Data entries
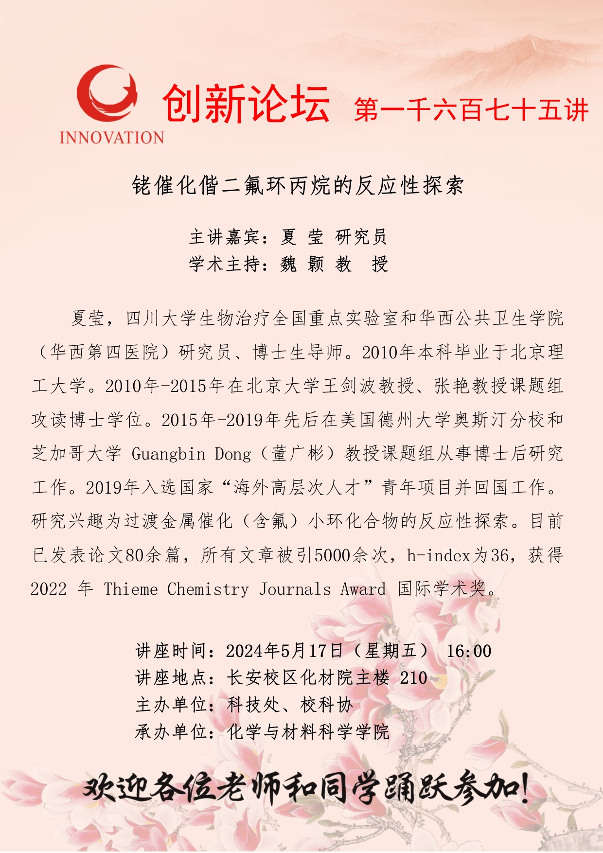 夏莹 研究员 乐投平台创新论坛第一千六百七十五讲:铑催化偕二氟环丙烷的反应性探索 讲座时间 2024年5月17日(星期五) 16:00 讲座地点 长安校区化材院主楼 210 讲座人介绍 夏莹 研究员 讲座内容
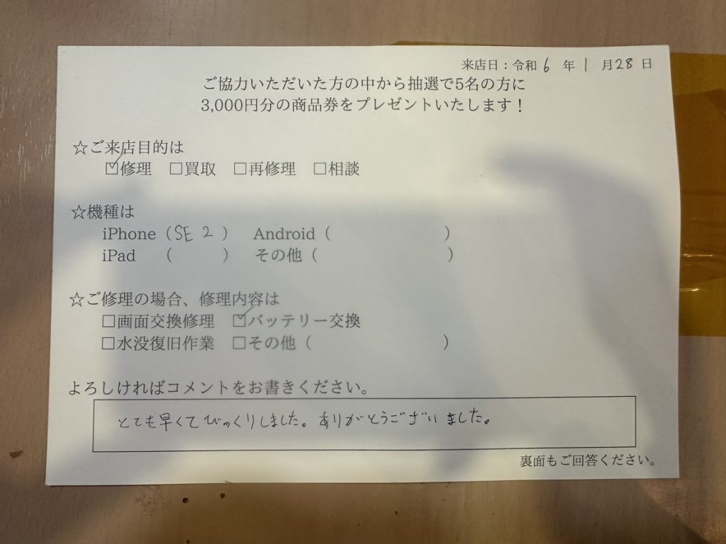 スマホスピタル名古屋駅前 iPhoneSE2のバッテリー交換修理でご依頼されたお客様よりお声を頂きました。
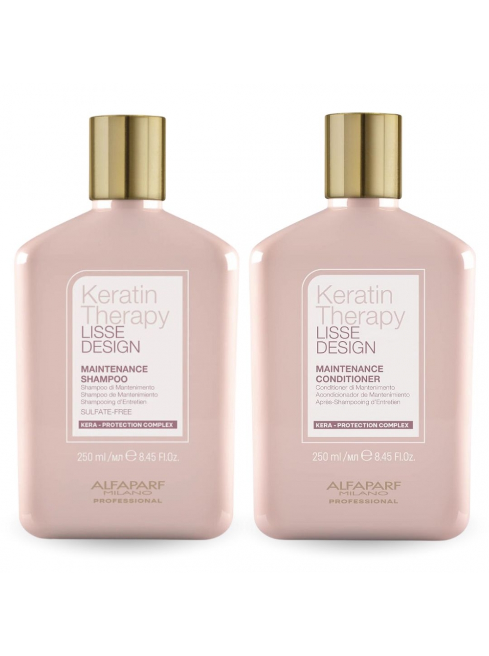 Набор Alfaparf Milano DUO Lisse Design Keratin Therapy шампунь и кондиционер для блеска и шелковистости волос, 2х250 мл
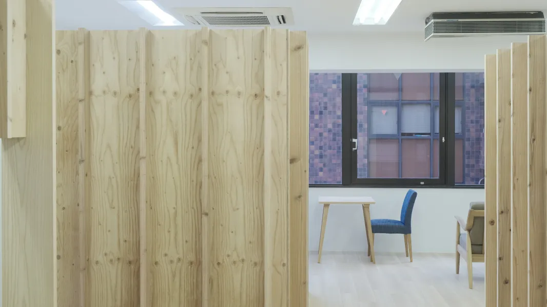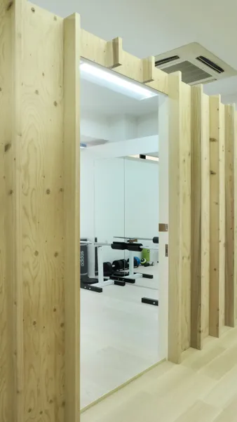 Desty Ginza 2nd StoreDesty 銀座2号店UseStudioArea106.94 m²CompletionJuly 2021LocationTokyoDesignShin AokiConstructionMYARDSReal estate agencyRyota YamagishiPhotoShunsuke Shinomiya用途トレーニングスタジオ面積106.94 m²竣工2021年7月場所東京チーム青木 真施工株式会社マイヤーズ不動産仲介創造系不動産 山岸亮太写真四宮駿介<p>Desty Ginza 2nd Store<br><br>We designed Desty Ginza 2nd Store, a personal gym exclusively for women. After conducting detailed interviews about the training requirements, we realized the need for private rooms measuring 2.6m by 2.6m. These box-like spaces were arranged throughout the facility, interspersed with versatile alley-like spaces of various widths and depths, used for group classes and staff breaks. The design primarily uses wood to create a relaxing environment conducive to focusing on one's physical wellness.</p><p>Desty 銀座2号店<br><br>女性専門のパーソナルジムであるDesty の銀座2号店を設計した。詳細なトレーニング内容のヒアリングをおこない、2.6m×2.6mの個室が必要であるとわかったため、そのボックス状の空間を分散配置し、その間に様々な幅や奥行きを持ったグループレッスンやスタッフの休憩等に使える多目的な路地状空間をデザインした。木をメインに用いることでリラックスしつつ自身の身体に向きあう場所を目指した。</p>[]
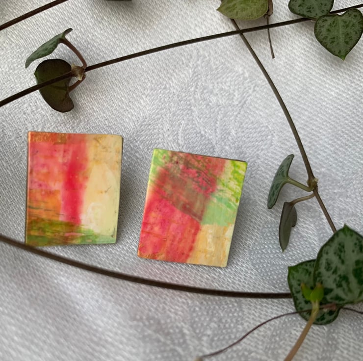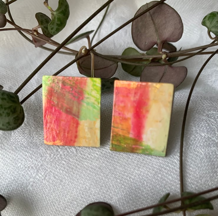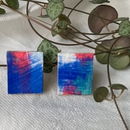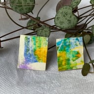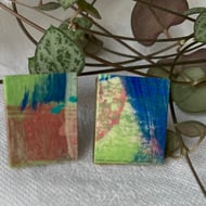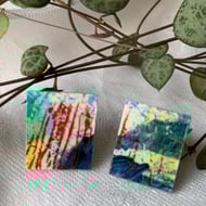 Handcrafted individual pieces of miniature abstract art, combined with its non identical twin, to make a unique pair of earrings. Posts are Sterling Silver to be suitable for sensitive skin.

Exercise:
What is needed is every record above, returned exactly, with the pictures omitted.

Response:
 夏莹 研究员 乐投平台创新论坛第一千六百七十五讲:铑催化偕二氟环丙烷的反应性探索 讲座时间 2024年5月17日(星期五) 16:00 讲座地点 长安校区化材院主楼 210 讲座人介绍 夏莹 研究员 讲座内容
 スマホスピタル名古屋駅前 iPhoneSE2のバッテリー交換修理でご依頼されたお客様よりお声を頂きました。
 Набор Alfaparf Milano DUO Lisse Design Keratin Therapy шампунь и кондиционер для блеска и шелковистости волос, 2х250 мл
 Desty Ginza 2nd StoreDesty 銀座2号店UseStudioArea106.94 m²CompletionJuly 2021LocationTokyoDesignShin AokiConstructionMYARDSReal estate agencyRyota YamagishiPhotoShunsuke Shinomiya用途トレーニングスタジオ面積106.94 m²竣工2021年7月場所東京チーム青木 真施工株式会社マイヤーズ不動産仲介創造系不動産 山岸亮太写真四宮駿介<p>Desty Ginza 2nd Store<br><br>We designed Desty Ginza 2nd Store, a personal gym exclusively for women. After conducting detailed interviews about the training requirements, we realized the need for private rooms measuring 2.6m by 2.6m. These box-like spaces were arranged throughout the facility, interspersed with versatile alley-like spaces of various widths and depths, used for group classes and staff breaks. The design primarily uses wood to create a relaxing environment conducive to focusing on one's physical wellness.</p><p>Desty 銀座2号店<br><br>女性専門のパーソナルジムであるDesty の銀座2号店を設計した。詳細なトレーニング内容のヒアリングをおこない、2.6m×2.6mの個室が必要であるとわかったため、そのボックス状の空間を分散配置し、その間に様々な幅や奥行きを持ったグループレッスンやスタッフの休憩等に使える多目的な路地状空間をデザインした。木をメインに用いることでリラックスしつつ自身の身体に向きあう場所を目指した。</p>[]
 Handcrafted individual pieces of miniature abstract art, combined with its non identical twin, to make a unique pair of earrings. Posts are Sterling Silver to be suitable for sensitive skin.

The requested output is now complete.